> WHAT YOU WILL DO: From the listing below, set down exactly the lines between the one holding "Łóżko tapicerowane 81241" and the one holding "从基金规模来看,华夏北交所精", inclusive. No other line is wanted.

> DATA TO USE:
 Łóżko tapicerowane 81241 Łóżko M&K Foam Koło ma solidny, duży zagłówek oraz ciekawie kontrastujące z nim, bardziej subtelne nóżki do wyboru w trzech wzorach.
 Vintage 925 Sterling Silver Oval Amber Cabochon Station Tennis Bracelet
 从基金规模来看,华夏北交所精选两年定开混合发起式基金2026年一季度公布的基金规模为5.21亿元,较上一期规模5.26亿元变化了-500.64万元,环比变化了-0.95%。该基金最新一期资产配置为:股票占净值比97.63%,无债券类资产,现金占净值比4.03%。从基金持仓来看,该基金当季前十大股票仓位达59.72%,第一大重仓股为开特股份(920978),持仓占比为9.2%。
* * *
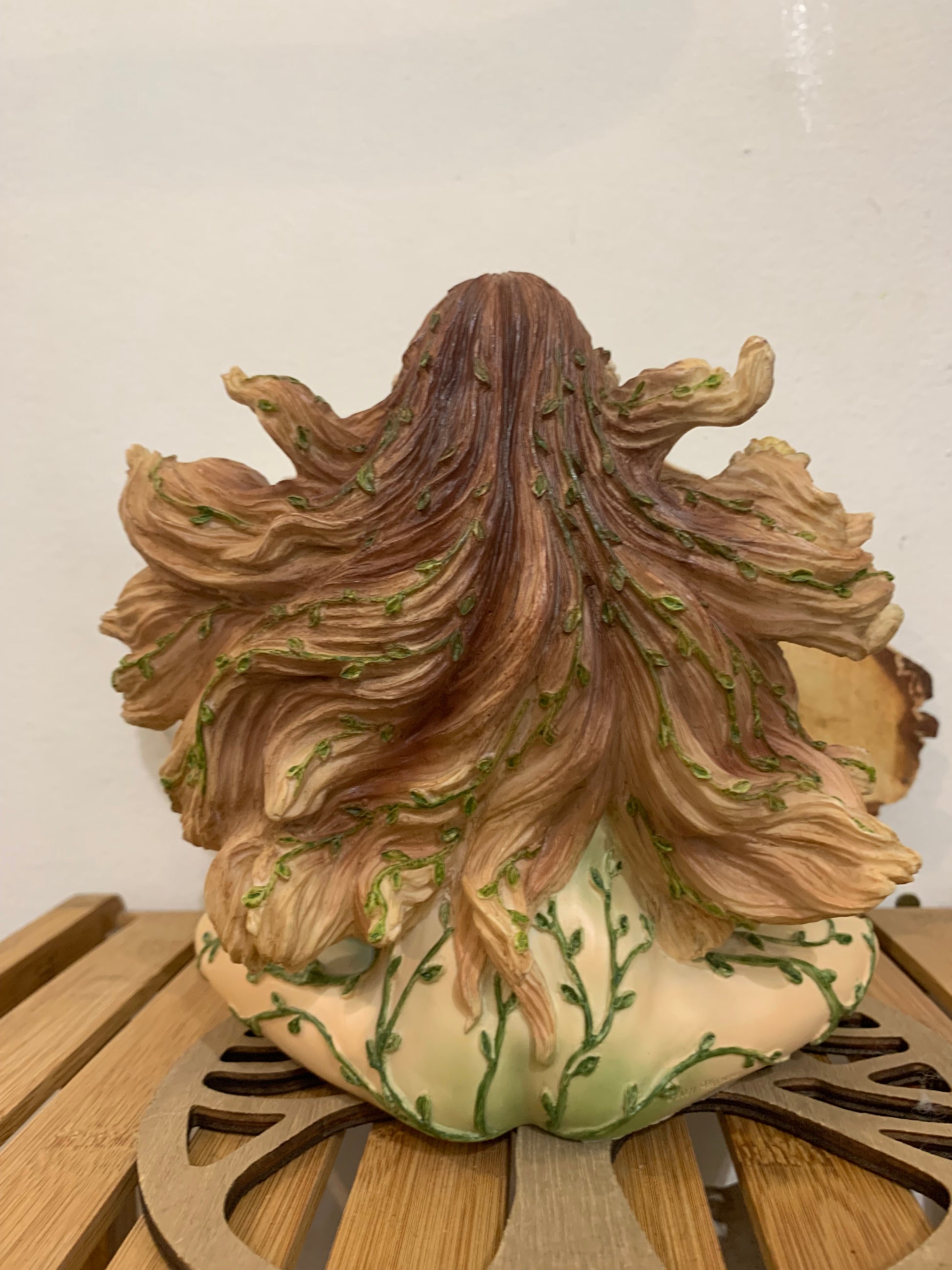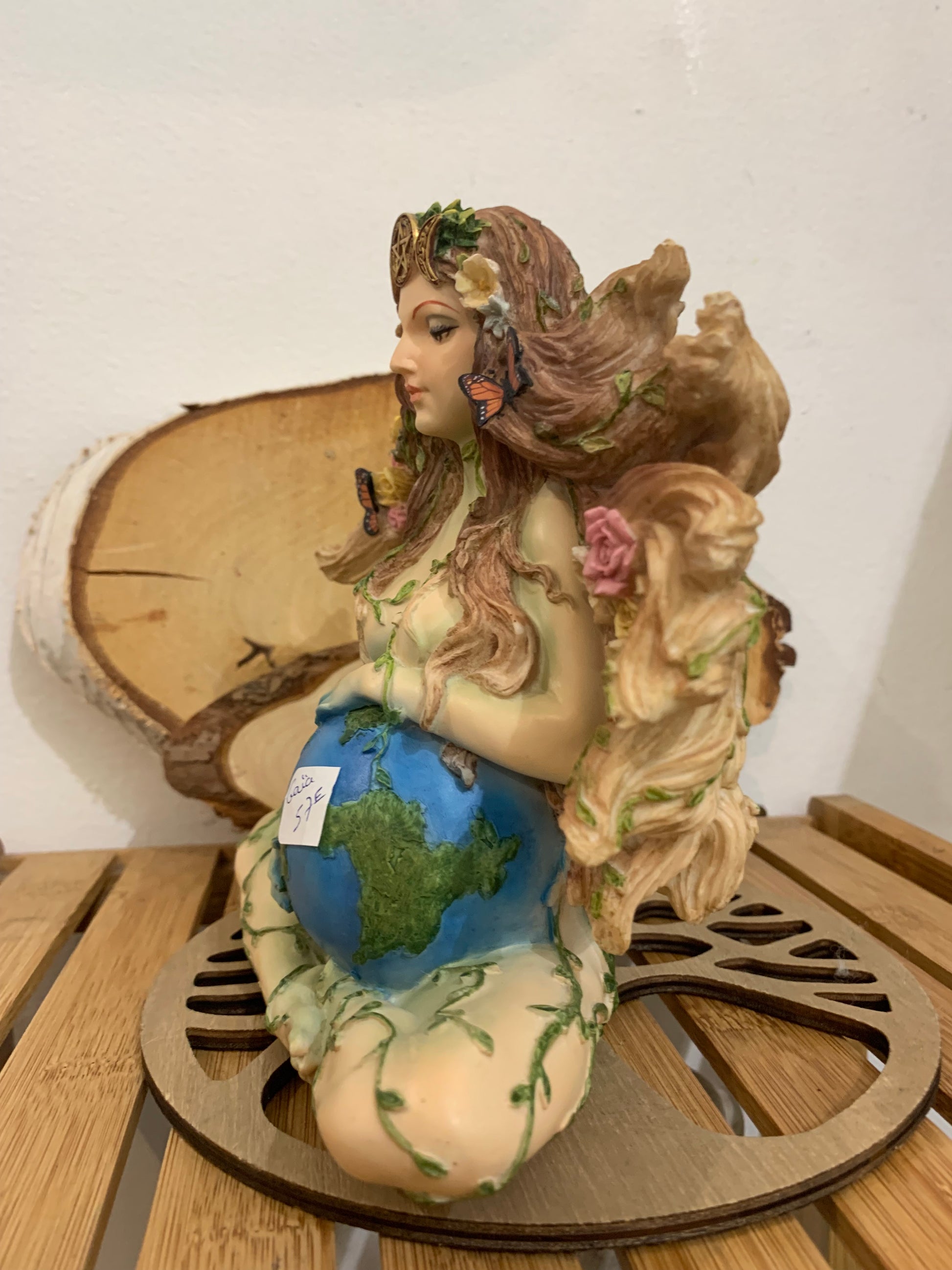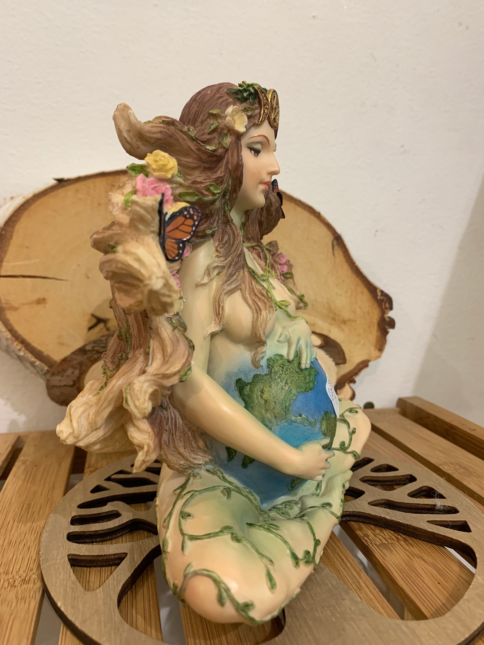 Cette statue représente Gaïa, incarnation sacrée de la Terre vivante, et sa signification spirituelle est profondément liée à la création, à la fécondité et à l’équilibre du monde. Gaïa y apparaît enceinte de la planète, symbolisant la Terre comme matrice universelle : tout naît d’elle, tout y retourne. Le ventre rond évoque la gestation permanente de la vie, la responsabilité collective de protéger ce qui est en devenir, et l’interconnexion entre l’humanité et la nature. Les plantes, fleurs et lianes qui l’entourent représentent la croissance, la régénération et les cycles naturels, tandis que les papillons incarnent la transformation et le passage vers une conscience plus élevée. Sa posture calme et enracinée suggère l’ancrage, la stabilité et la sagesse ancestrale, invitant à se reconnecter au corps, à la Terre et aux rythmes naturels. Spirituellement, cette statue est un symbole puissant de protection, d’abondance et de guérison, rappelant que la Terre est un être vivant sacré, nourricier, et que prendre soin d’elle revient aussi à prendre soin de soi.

> ANSWER TO THE PROBLEM:
 Łóżko tapicerowane 81241 Łóżko M&K Foam Koło ma solidny, duży zagłówek oraz ciekawie kontrastujące z nim, bardziej subtelne nóżki do wyboru w trzech wzorach.
 Vintage 925 Sterling Silver Oval Amber Cabochon Station Tennis Bracelet
 从基金规模来看,华夏北交所精选两年定开混合发起式基金2026年一季度公布的基金规模为5.21亿元,较上一期规模5.26亿元变化了-500.64万元,环比变化了-0.95%。该基金最新一期资产配置为:股票占净值比97.63%,无债券类资产,现金占净值比4.03%。从基金持仓来看,该基金当季前十大股票仓位达59.72%,第一大重仓股为开特股份(920978),持仓占比为9.2%。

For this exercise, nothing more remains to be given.